* _INSTRUCTIONS TO FOLLOW_: Exactly the lines from the start of the entries through the line with "Germany, 1921-22. Lot" are required in the output, with no pictures among them.

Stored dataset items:
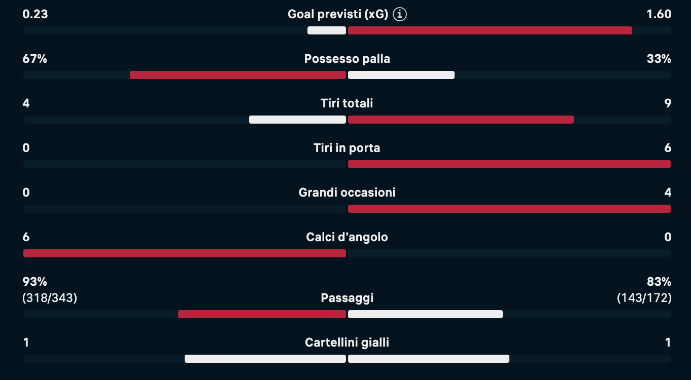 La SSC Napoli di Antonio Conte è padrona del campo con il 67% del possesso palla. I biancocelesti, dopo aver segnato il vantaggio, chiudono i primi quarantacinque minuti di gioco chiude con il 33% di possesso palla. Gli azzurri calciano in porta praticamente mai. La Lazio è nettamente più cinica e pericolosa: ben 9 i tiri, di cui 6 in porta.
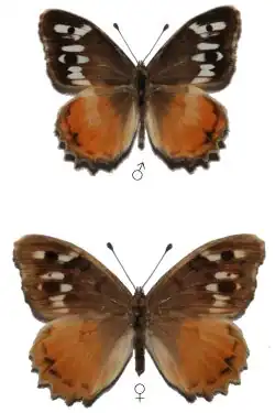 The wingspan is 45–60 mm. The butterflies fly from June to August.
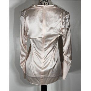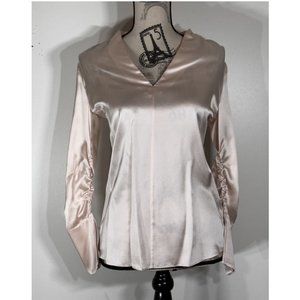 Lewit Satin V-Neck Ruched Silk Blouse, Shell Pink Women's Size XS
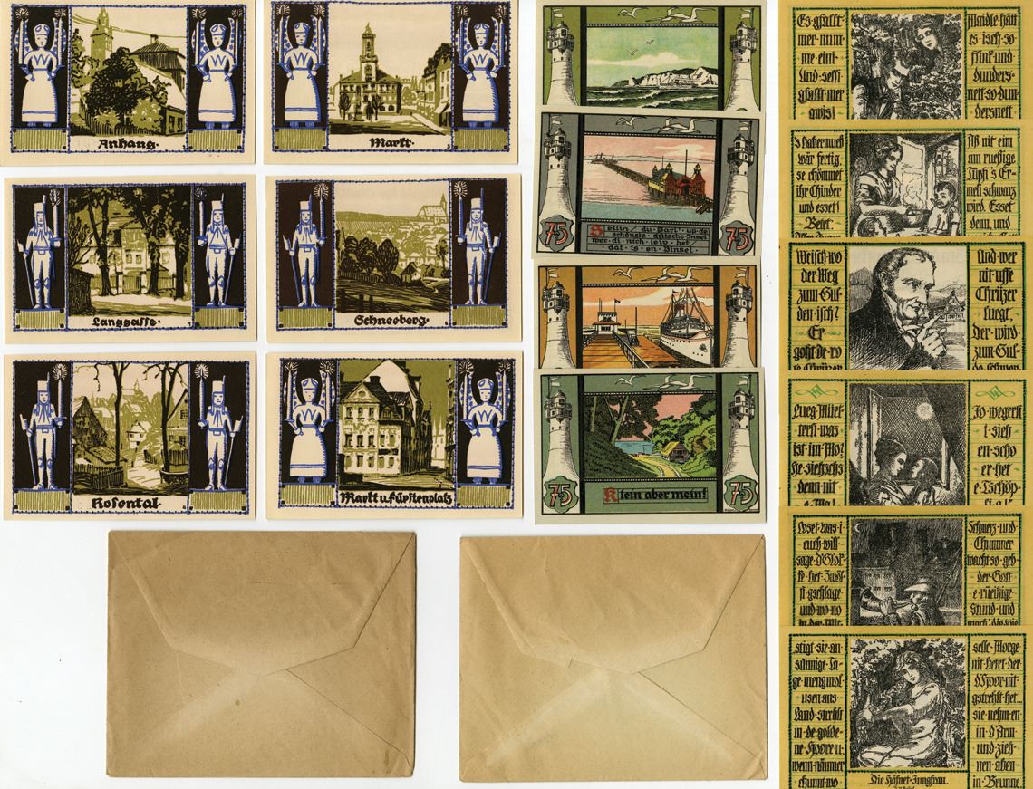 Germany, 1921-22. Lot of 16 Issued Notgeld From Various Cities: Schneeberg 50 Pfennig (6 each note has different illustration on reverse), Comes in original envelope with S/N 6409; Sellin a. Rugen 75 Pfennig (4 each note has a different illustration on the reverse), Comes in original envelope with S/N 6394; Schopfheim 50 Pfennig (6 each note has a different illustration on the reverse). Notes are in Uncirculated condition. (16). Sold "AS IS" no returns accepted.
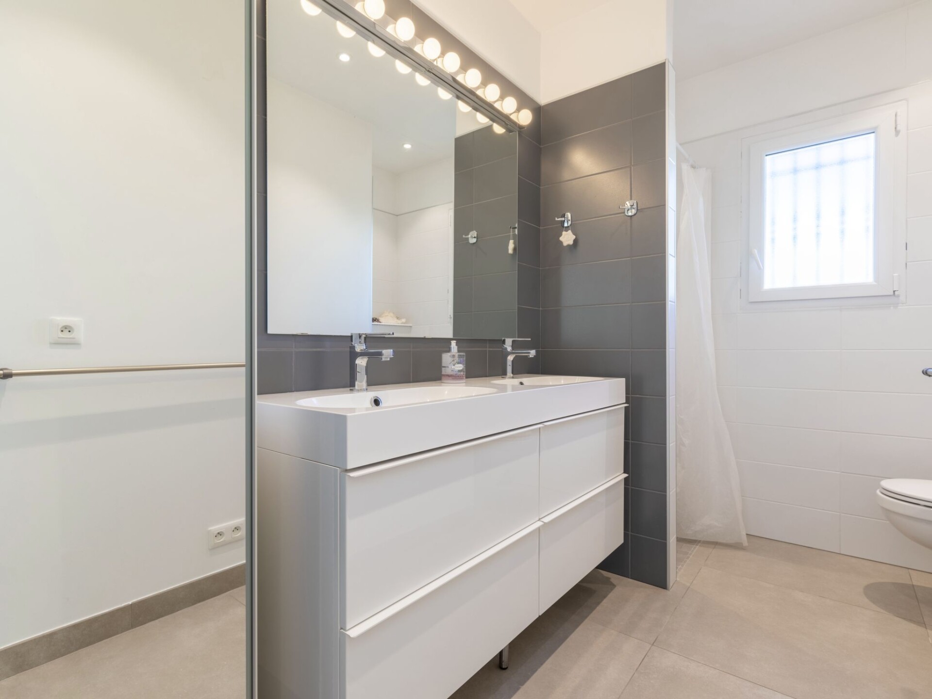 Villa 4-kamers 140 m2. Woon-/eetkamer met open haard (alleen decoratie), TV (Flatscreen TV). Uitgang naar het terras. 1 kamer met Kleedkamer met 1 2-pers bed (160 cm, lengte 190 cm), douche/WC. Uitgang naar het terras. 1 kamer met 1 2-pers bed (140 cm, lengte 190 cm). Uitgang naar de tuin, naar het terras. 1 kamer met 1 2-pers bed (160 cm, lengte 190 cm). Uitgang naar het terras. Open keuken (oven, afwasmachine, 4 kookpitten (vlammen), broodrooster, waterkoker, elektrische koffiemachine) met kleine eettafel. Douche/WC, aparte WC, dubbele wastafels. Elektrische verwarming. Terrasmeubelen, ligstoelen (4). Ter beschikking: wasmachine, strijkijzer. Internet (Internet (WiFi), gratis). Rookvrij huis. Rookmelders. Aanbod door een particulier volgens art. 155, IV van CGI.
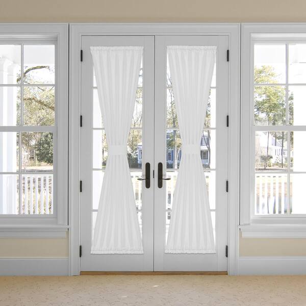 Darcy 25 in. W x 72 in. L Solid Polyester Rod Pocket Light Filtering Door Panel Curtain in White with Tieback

* _OUTPUT BELOW_:
 La SSC Napoli di Antonio Conte è padrona del campo con il 67% del possesso palla. I biancocelesti, dopo aver segnato il vantaggio, chiudono i primi quarantacinque minuti di gioco chiude con il 33% di possesso palla. Gli azzurri calciano in porta praticamente mai. La Lazio è nettamente più cinica e pericolosa: ben 9 i tiri, di cui 6 in porta.
 The wingspan is 45–60 mm. The butterflies fly from June to August.
 Lewit Satin V-Neck Ruched Silk Blouse, Shell Pink Women's Size XS
 Germany, 1921-22. Lot of 16 Issued Notgeld From Various Cities: Schneeberg 50 Pfennig (6 each note has different illustration on reverse), Comes in original envelope with S/N 6409; Sellin a. Rugen 75 Pfennig (4 each note has a different illustration on the reverse), Comes in original envelope with S/N 6394; Schopfheim 50 Pfennig (6 each note has a different illustration on the reverse). Notes are in Uncirculated condition. (16). Sold "AS IS" no returns accepted.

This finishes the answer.